Minimum necessary product integration

At this point, it’s time to integrate a minimal version of your “AI component” with your product, so the next step is to start using the API instead of the console. Grab your favorite LLM-provider client (or just use their API — there are some good reasons to stick with HTTP) and integrate it into your product in the most minimal way possible. The point is to start building out the infrastructure, knowing that the results won’t be great yet.
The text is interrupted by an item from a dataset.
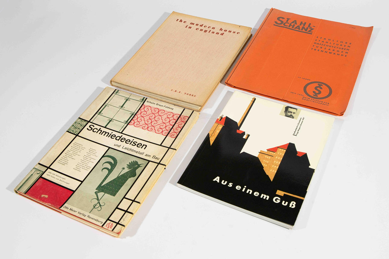 "Building '20-'40 The Dutch Contribution to New Building". "New shops, 1st year, issue 2, 1956". "Karl Schneider" - Cook and Pook. "Wrought iron" - Wilhelm Braun country lane. ""The Modern House in England, 3rd Edition 1948". "All of a piece" - Bremen State Museum. "Frankfurter Schanz, Stahl" - advertising brochures. "Franz Krause" - Edition Marzona. "The New Dortmund" - Gisela Framke. "Stadt 5/82" - monthly magazine for housing and urban development. "From single home to boarding house" - Markus Eisen. "The bourgeois dream of the noble castle" - judges and brawlers. "One Hour Architecture" - Adolf Behne. "Hubert Hofmann" - Festschrift. "The functional city, Le Corbusier's vision of the city" - Thilo Hilpert. "Construction Craft" - 1926. "Building in Berlin since 1900" - Rave and Knöfel. "The entrance" - Dortmund Architecture Days 2008. "THE Bauhaus" - Uwe Westphal. "Otto Haesler" - Simone Oelker. "New shops" - Gatz and Hierl. "For New Brno, 2 volumes in slipcase". "Architecture of the 20th Century" - Gössel and Leuthäuser.

Some cheat codes at this point, based on my experience:

If you use mypy, you might be tempted to use strongly-typed inputs when interacting with the client (e.g., the OpenAI client), but my advice would be: don’t. While I like having mypy around, it’s much easier to work with plain dictionaries to build your messages and you’re not risking a lot of bugs.
In my experience, it’s a good idea to set temperature=0.0 in all your model calls if you care about reliability. You still won’t get perfect reproducibility, but it’s usually the best place to start your explorations.
If you’re thinking about using a wrapper like instructor to get structured data out of the LLM: it’s really cool and makes some use-cases very smooth, but also makes your code a little less flexible. I’d usually start without it and then bring it in at a later point, once I’m confident in the shape of my data.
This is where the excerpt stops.